◆ THE TASK: The records that follow are to be transcribed in full, leaving out each picture.

━━━━

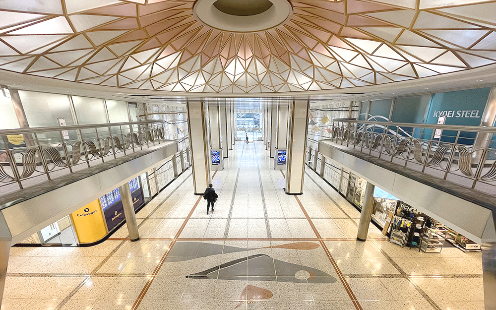 1960年代に丸の内で誕生した新たなビル群。その先鞭をつけたのが「新東京ビルヂング」です。外観は横一列のシャープなガラス窓。内部には周辺の碁盤の目状の街路を引き込むような共用通路があります。おおらかな空間の中で輝くのは、矢橋六郎作のモザイク画「彩雲流れ」や幾何学的な照明器具。東京建築祭に合わせて、完成時の写真や図面が特別展示されます。このビルがたたえている高度成長期ならではの機能性と装飾性との融合に、ぜひご注目ください。
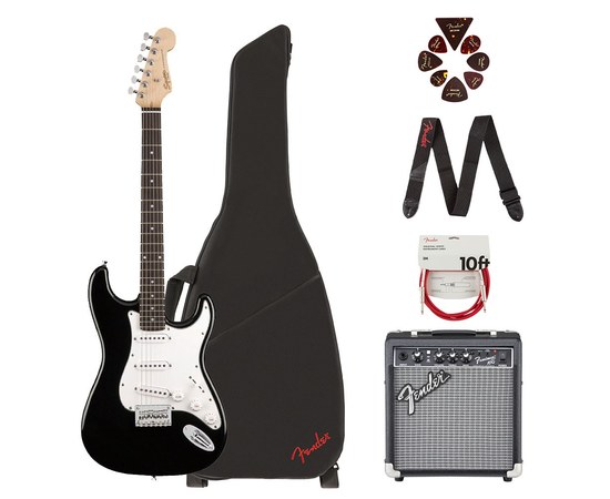 Squier Stratocaster SSS Pack - это набор для начинающих гитаристов, включающий в себя электрогитару Squier Stratocaster SSS, мягкий чехол с подкладкой для гитары, комбоусилитель Frontman 10G и все необходимые аксессуары для того, чтобы начинать играть: инструментальный кабель для подключения, ремень для гитары и медиаторы.
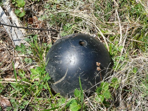 鉱山道路編'09。 さすがに索道施設跡に登る事は諦めた自分ですが・・・(悔) そのまま帰るのも、ちょっと悔しいものがあります! と言う事で・・・ 辺り一面に散らばっている残骸の中に、ネタになるものが無いか? つい、チェックを始めてしまい・・・ ただ、前にも書きましたが・・・ 5月だと言うのに、既に気温が30℃近くまで上がり・・・(暑) いい加減、辛いものが! って言うか、あまりに興奮しながら歩き回っていたので、すでに汗でパンツまでグチョリ状態になっていたり・・・(濡) ま、そんな事はさて置き・・・ 個人的には、レールとか (←また、それかいっ!) 索道関連以外のものが落ちていないか期待していたのですが・・・ 悔しいですが、特にコレと言った物を発見できませんでした(涙)。 ただ・・・ 何故か1つだけ・・・ 画像のバケットが! ホッパーに鉱石を投入するために使われたはずのバケット。 恐らく、10個以上がグルグルと回りながら使われていたはずなのに! そして一昨年。 同形式のもが撤去されて道路わきに置かれていたのを見た記憶があるのに。 何故に1個だけ残したのか?(疑) もしかして・・・ とりあえずココまで来た人達へのネタとしての供物として、わざと残したのか?(笑) ま、そんな事は無いでしょうけどね! そして、いい加減暑さで疲れて退却しようとした時・・・(踏) 足元に何かが落ちているのに気づきました!(何) 何故にボーリング玉???(爆汗) この鉱山にボーリング場があったなんて聞いたこと無いですし・・・(汗) それに、こんな場所で練習できるような平らな場所もありませんし・・・(狭) 従業員のマイボールだとしても、居住区でもないこんな所に何故??? まさか、このボーリング玉で斜面を砲撃した結果が崩落を招いたとか?(笑) 何とも不思議な光景が・・・(謎) ま・・・ 暑いので、あまり深く考えるのは止めて、道路まで戻る事にします。 まだまだ続く!(たぶん、あと1週間)
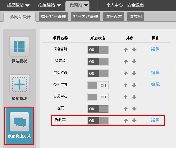 1、如果栏目中有开通购物车的产品栏目,开通底部快捷方式中的购物车,浮动购物车将自动取消!
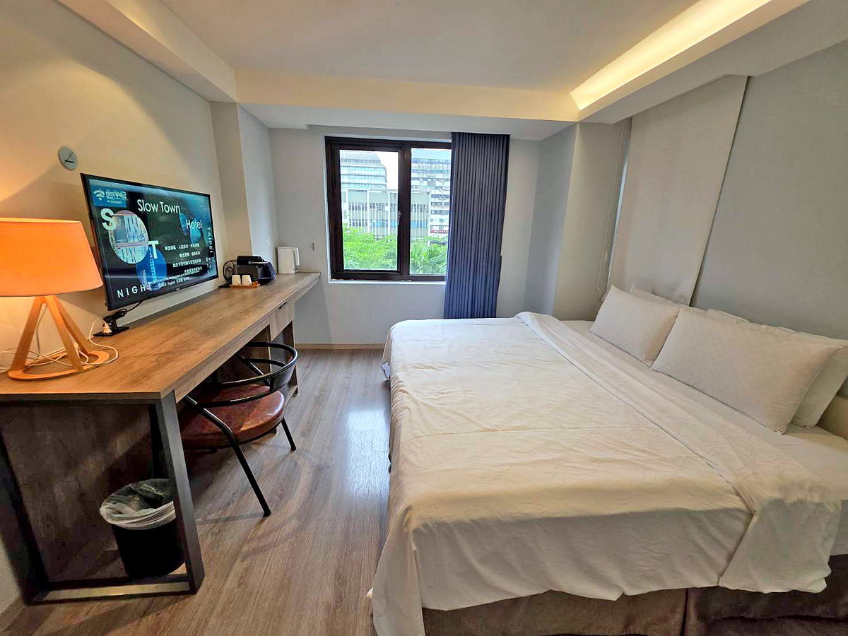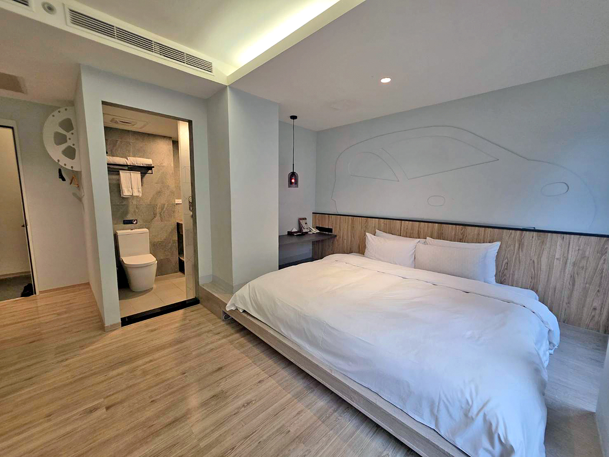 入住的房型有雙人及四人房型,這間是雙人房,房內空間XX坪,配置1大床。
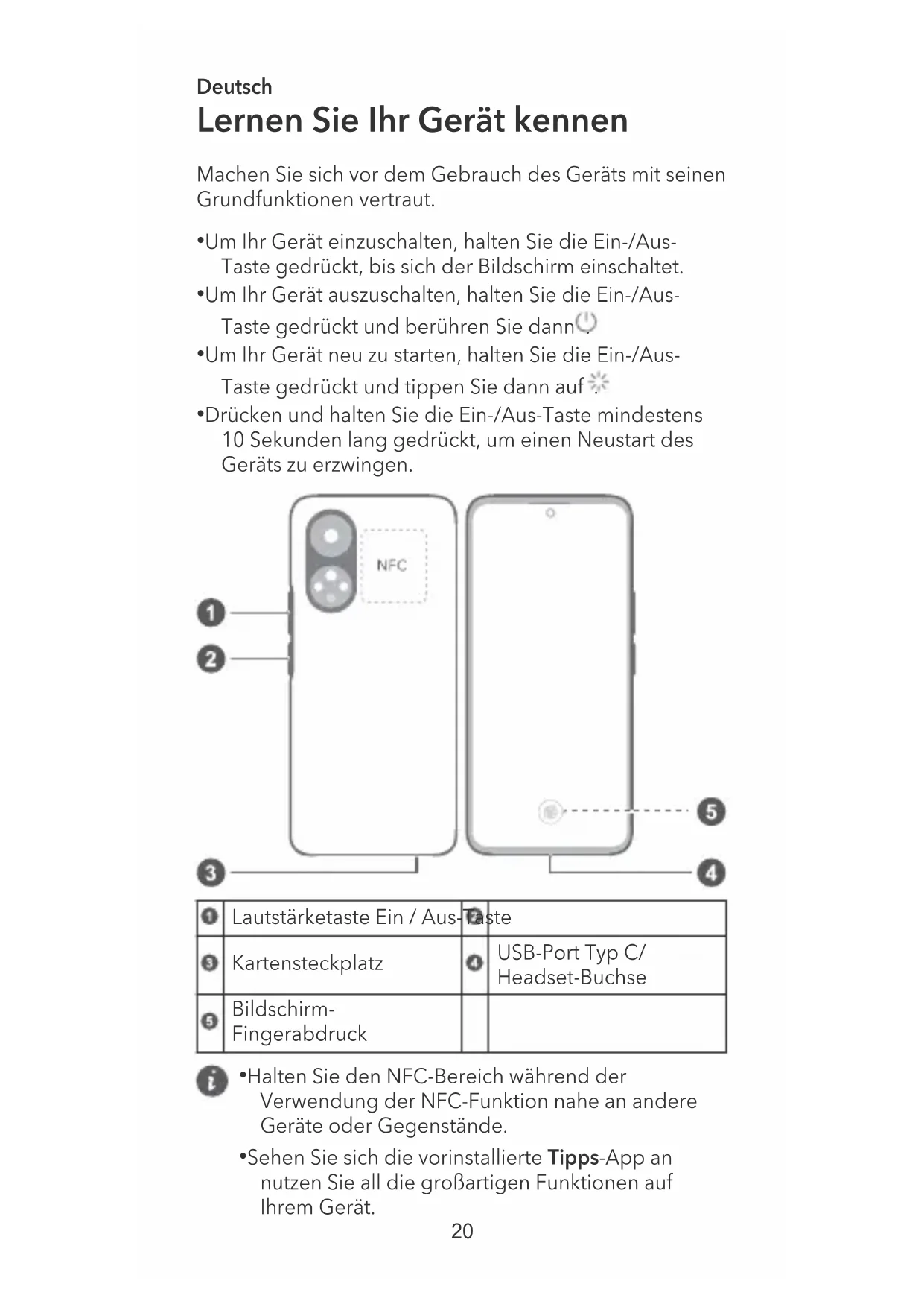 - Drücken und halten Sie die Ein-/Aus-Taste mindestens 10 Sekunden lang gedrückt, um einen Neustart des Geräts zu erzwingen. Lautstärketaste Ein / Aus-Taste Kartensteckplatz USB-Port Typ C/ Headset-Buchse Bildschirm- Fingerabdruck
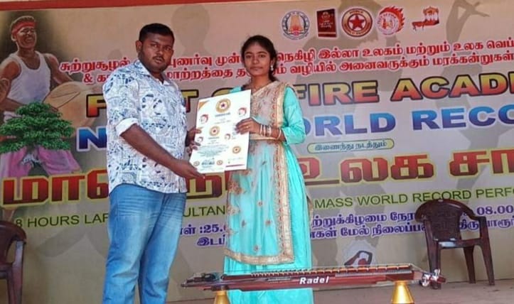 சுற்றுச்சூழல் விழிப்புணர்வு உலக சாதனை நிகழ்வில் 800 க்கும் மேற்பட்ட மாணவர்கள் ஆசான்கள் பெற்றோர்கள் பொதுமக்கள் 1500க்கும் மேற்பட்டோர் ஒரே நேரத்தில் கூடியிருந்து கலைத்திருவிழா போன்று நடைபெற்றது.
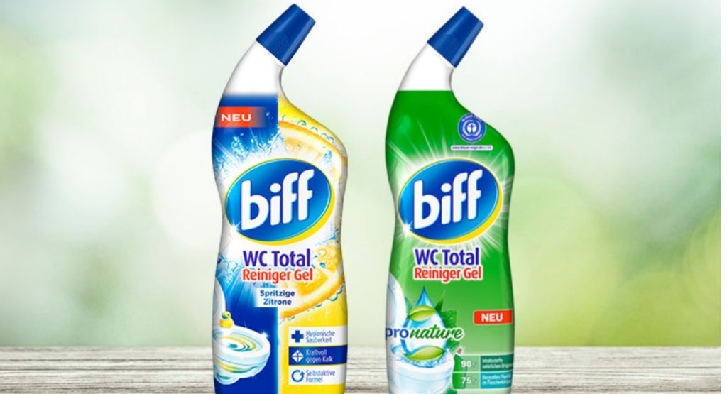 Henkel stellt heute sein neues Verpackungskonzept für WC-Reiniger-Flaschen vor. Der Anteil von recyceltem Polyethylen (PE) konnte demnach signifikant erhöht werden. Das Unternehmen gibt an, den Rezyklateinteil auf 50 Prozent bei den WC Reinigern im Standardsortiment, zum Beispiel von der Marke Biff, erhöht zu haben. Bei den WC-Reinigern aus dem Pro Nature-Sortiment komme man auf 75 Prozent.Dabei handele es sich um recyceltes Plastik aus Endverbraucher-Haushalten.

━━━━

◆ RESPONSE BELOW:
 1960年代に丸の内で誕生した新たなビル群。その先鞭をつけたのが「新東京ビルヂング」です。外観は横一列のシャープなガラス窓。内部には周辺の碁盤の目状の街路を引き込むような共用通路があります。おおらかな空間の中で輝くのは、矢橋六郎作のモザイク画「彩雲流れ」や幾何学的な照明器具。東京建築祭に合わせて、完成時の写真や図面が特別展示されます。このビルがたたえている高度成長期ならではの機能性と装飾性との融合に、ぜひご注目ください。
 Squier Stratocaster SSS Pack - это набор для начинающих гитаристов, включающий в себя электрогитару Squier Stratocaster SSS, мягкий чехол с подкладкой для гитары, комбоусилитель Frontman 10G и все необходимые аксессуары для того, чтобы начинать играть: инструментальный кабель для подключения, ремень для гитары и медиаторы.
 鉱山道路編'09。 さすがに索道施設跡に登る事は諦めた自分ですが・・・(悔) そのまま帰るのも、ちょっと悔しいものがあります! と言う事で・・・ 辺り一面に散らばっている残骸の中に、ネタになるものが無いか? つい、チェックを始めてしまい・・・ ただ、前にも書きましたが・・・ 5月だと言うのに、既に気温が30℃近くまで上がり・・・(暑) いい加減、辛いものが! って言うか、あまりに興奮しながら歩き回っていたので、すでに汗でパンツまでグチョリ状態になっていたり・・・(濡) ま、そんな事はさて置き・・・ 個人的には、レールとか (←また、それかいっ!) 索道関連以外のものが落ちていないか期待していたのですが・・・ 悔しいですが、特にコレと言った物を発見できませんでした(涙)。 ただ・・・ 何故か1つだけ・・・ 画像のバケットが! ホッパーに鉱石を投入するために使われたはずのバケット。 恐らく、10個以上がグルグルと回りながら使われていたはずなのに! そして一昨年。 同形式のもが撤去されて道路わきに置かれていたのを見た記憶があるのに。 何故に1個だけ残したのか?(疑) もしかして・・・ とりあえずココまで来た人達へのネタとしての供物として、わざと残したのか?(笑) ま、そんな事は無いでしょうけどね! そして、いい加減暑さで疲れて退却しようとした時・・・(踏) 足元に何かが落ちているのに気づきました!(何) 何故にボーリング玉???(爆汗) この鉱山にボーリング場があったなんて聞いたこと無いですし・・・(汗) それに、こんな場所で練習できるような平らな場所もありませんし・・・(狭) 従業員のマイボールだとしても、居住区でもないこんな所に何故??? まさか、このボーリング玉で斜面を砲撃した結果が崩落を招いたとか?(笑) 何とも不思議な光景が・・・(謎) ま・・・ 暑いので、あまり深く考えるのは止めて、道路まで戻る事にします。 まだまだ続く!(たぶん、あと1週間)
 1、如果栏目中有开通购物车的产品栏目,开通底部快捷方式中的购物车,浮动购物车将自动取消!
 入住的房型有雙人及四人房型,這間是雙人房,房內空間XX坪,配置1大床。
 - Drücken und halten Sie die Ein-/Aus-Taste mindestens 10 Sekunden lang gedrückt, um einen Neustart des Geräts zu erzwingen. Lautstärketaste Ein / Aus-Taste Kartensteckplatz USB-Port Typ C/ Headset-Buchse Bildschirm- Fingerabdruck
 சுற்றுச்சூழல் விழிப்புணர்வு உலக சாதனை நிகழ்வில் 800 க்கும் மேற்பட்ட மாணவர்கள் ஆசான்கள் பெற்றோர்கள் பொதுமக்கள் 1500க்கும் மேற்பட்டோர் ஒரே நேரத்தில் கூடியிருந்து கலைத்திருவிழா போன்று நடைபெற்றது.
 Henkel stellt heute sein neues Verpackungskonzept für WC-Reiniger-Flaschen vor. Der Anteil von recyceltem Polyethylen (PE) konnte demnach signifikant erhöht werden. Das Unternehmen gibt an, den Rezyklateinteil auf 50 Prozent bei den WC Reinigern im Standardsortiment, zum Beispiel von der Marke Biff, erhöht zu haben. Bei den WC-Reinigern aus dem Pro Nature-Sortiment komme man auf 75 Prozent.Dabei handele es sich um recyceltes Plastik aus Endverbraucher-Haushalten.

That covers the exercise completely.